Truncation Dependent Voxel-wise Absolute Error (VAE) for R2* Phantoms. For FA=1°, 2°, and 5°, mean VAE at truncation thresholds from 0 to 20 are displayed for *Phantom I*, II, and *III*. Mean VAE was reduced with increasing FA (increasing SNR) and decreasing R2* value. Mean VAE curves approached their minimum value as the SNR truncation threshold was decreased; mean VAE increased with the use of increasingly higher truncation thresholds. Limited truncation was needed for *Method C (VoxelOBC)* method to achieve the minimum VAE levels. *Methods A (GlobalRSS)* and *B (VoxelRSS)* required data truncation at higher SNR thresholds to achieve minimum VAE. In general, *Method A* had the highest level of mean VAE while *Method C* achieved the lowest level of VAE.

Animal Model Results

Similar to our phantom experiments, animal experiments also clearly demonstrated the impact of noise on R2* estimates. Axial abdominal images for FA=2° at TE=1.51ms, 13.36ms, 27.58ms, 56.02ms (echoes 1, 6, 12, and 24) are shown in Fig.3a. Representative liver and gallbladder ROIs are shown within RSS reconstructed images at TE=1.51ms (RA and RB, respectively) in Fig.3a. At later TEs, RSS reconstructed images appeared much noisier than OBC images. Our reference standard R2* value for the rabbit liver (measured using the high SNR data) was greater than the R2* value for the gallbladder (R2*=160 s^-1 vs. R2*=50 s^-1); mean liver signal decayed to the noise floor at a faster rate. Note however that the ex vivo measured R2* values for liver and gallbladder were greater than the R2* values typically anticipated for normal in vivo tissues (for example: R2* values for normal rabbit liver tissue were measured to be ≈ 30-50 s^-1 in (26) likely due to the accumulated deoxyhemoglobin and/or temperature reductions post-euthanization (25, 26). Normalized mean signal intensity plots for liver (RA) and gallbladder (RB) within RSS, OBC, and high SNR data reconstructions are shown in Fig.3b. Noise bias exerted a greater impact upon RSS reconstructions than OBC reconstructions. SNR measurements for both tissues are shown in Fig.3c. For liver tissue at later TEs, SNR_GlobalRSS was shown to be greater than SNR_VoxelRSS and SNR_VoxelOBC due to noise bias. For gallbladder tissues, SNR measurements from both of the reconstruction methods appeared similar over the sampled range of TEs due to slower signal decay (reduced R2* compared to liver).

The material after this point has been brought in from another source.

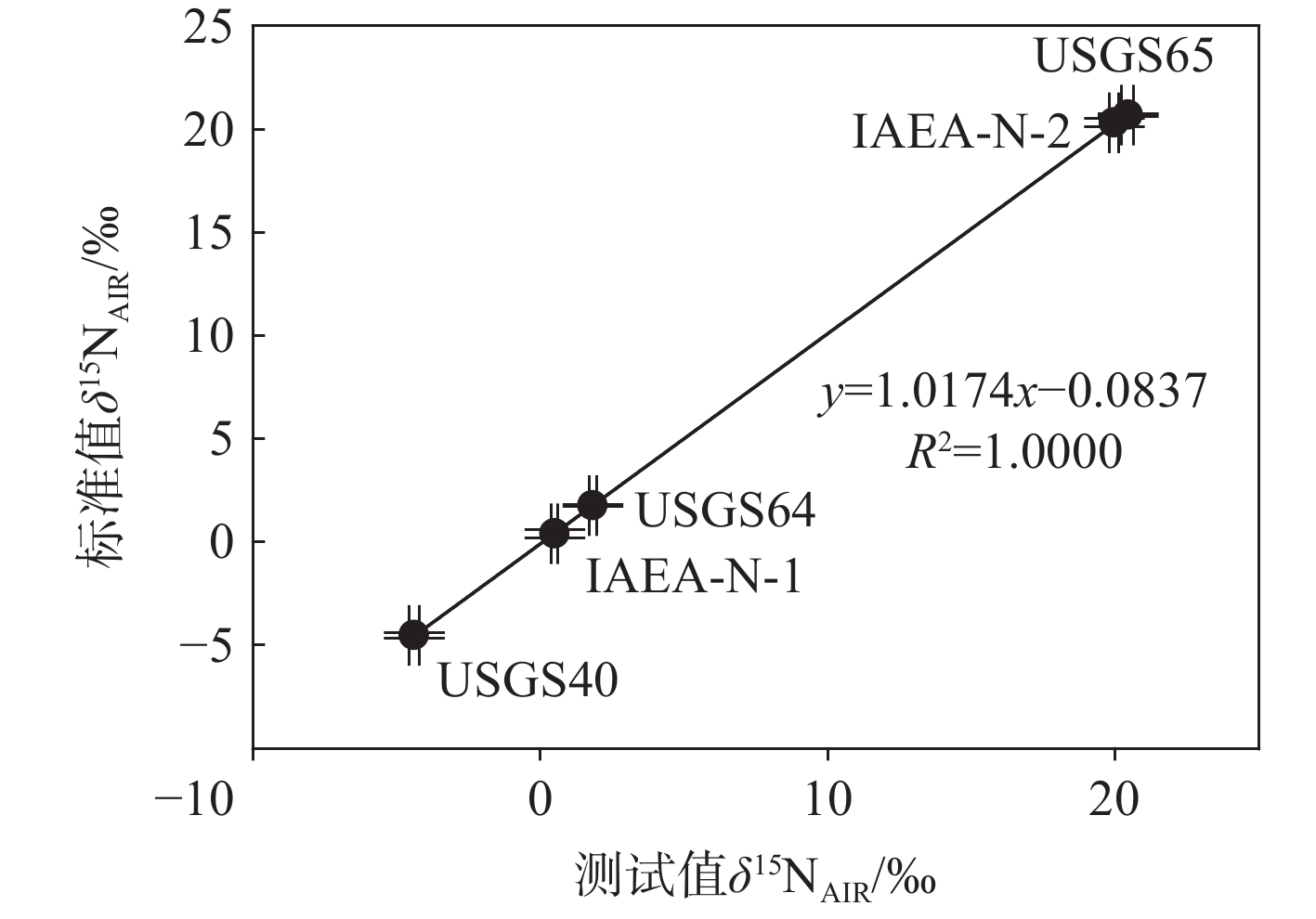 采用一系列标准物质在较长周期、不同批次测定时的外精度评估EA Isolink-IRMS系统的重现性。基于优化后的反应管配置和参数条件,自2024年1~9月的日常测定样品实验中(共计50个不同批次),采用USGS65、USGS40、USGS64、IAEA-N-1和IAEA-N-2等5种标准物质进行监控测试。在9个月的测试周期内,多批次间各标样的δ15N测试值标准偏差分别为0.15‰、0.14‰、0.12‰、0.10‰和0.15‰,长时间、不同批次内平行标样的重现性良好,外精度优于0.15‰。各标准物质测试值和标准值的线性拟合回归方程为y=

Ex vivo Animal Model Studies. (a) RSS and OBC reconstructed echoes at TE=1.51ms, 13.36ms, 27.58ms, 56.02ms (echoes 1, 6, 12, and 24), with representative liver parenchyma and gallbladder ROIs (RA and RB respectively) drawn upon TE=1.51ms image. (b) Mean signal decay for RSS, OBC, and high SNR data within liver and gallbladder ROIs. (c) Global and voxel-wise SNR measurements for each reconstruction methods at all TEs. Images, and signal intensity plots each demonstrate that noise bias exerts a greater impact upon RSS reconstructed data than OBC reconstructed data. SNR measurements revealed the stronger impact of noise bias upon relative SNR measurement (*SNR_GlobalRSS*) as compared to absolute voxel-wise SNR measurements (*SNR_VoxelRSS and SNR_VoxelOBC*). The R2* for liver parenchyma was much greater than the R2* of the gallbladder (reference standard R2* values were 160s^-1 and 50s^-1 respectively). Therefore, signal intensities and SNR measurements for the gallbladder were less affected by noise bias over the same range of TEs.

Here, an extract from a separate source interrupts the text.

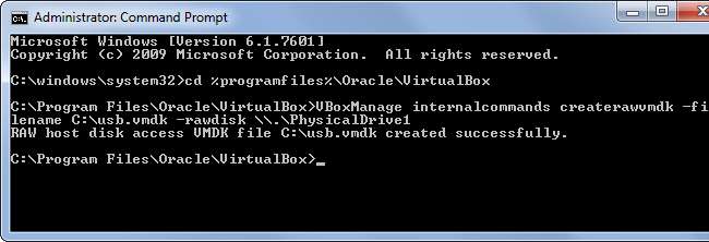VBoxManage פקודות פנימיות יצירהawmdk -קובץ שם C: \ usb.vmdk -rawdisk \\. \ PhysicalDrive #

For FA=1°, 2°, and 5°, mean VAE for liver parenchyma and gallbladder tissue at truncation thresholds from 0 to 20 are shown in Fig.4. Similar to phantom results, mean VAE was reduced with increasing SNR (increased FA) and decreasing R2* value (liver vs. gallbladder) given the same echo time range. Mean VAE curves approached their minimum as the SNR truncation threshold was decreased; mean VAE increased with the use of increasingly higher truncation thresholds. To achieve minimum mean VAE level, Method C (VoxelOBC) required limited truncation of the data while Method A (GlobalRSS) and Method B (VoxelRSS) required data truncation at higher SNR thresholds. At low SNR thresholds, the three methods were at quite different VAE levels. These differences were reduced to a minimum at higher SNR thresholds and later converged. At all SNR levels for both liver and gallbladder R2* measurements, Method C (VoxelOBC) produced the lowest minimum VAE and Method A (GlobalRSS) produced the highest VAE.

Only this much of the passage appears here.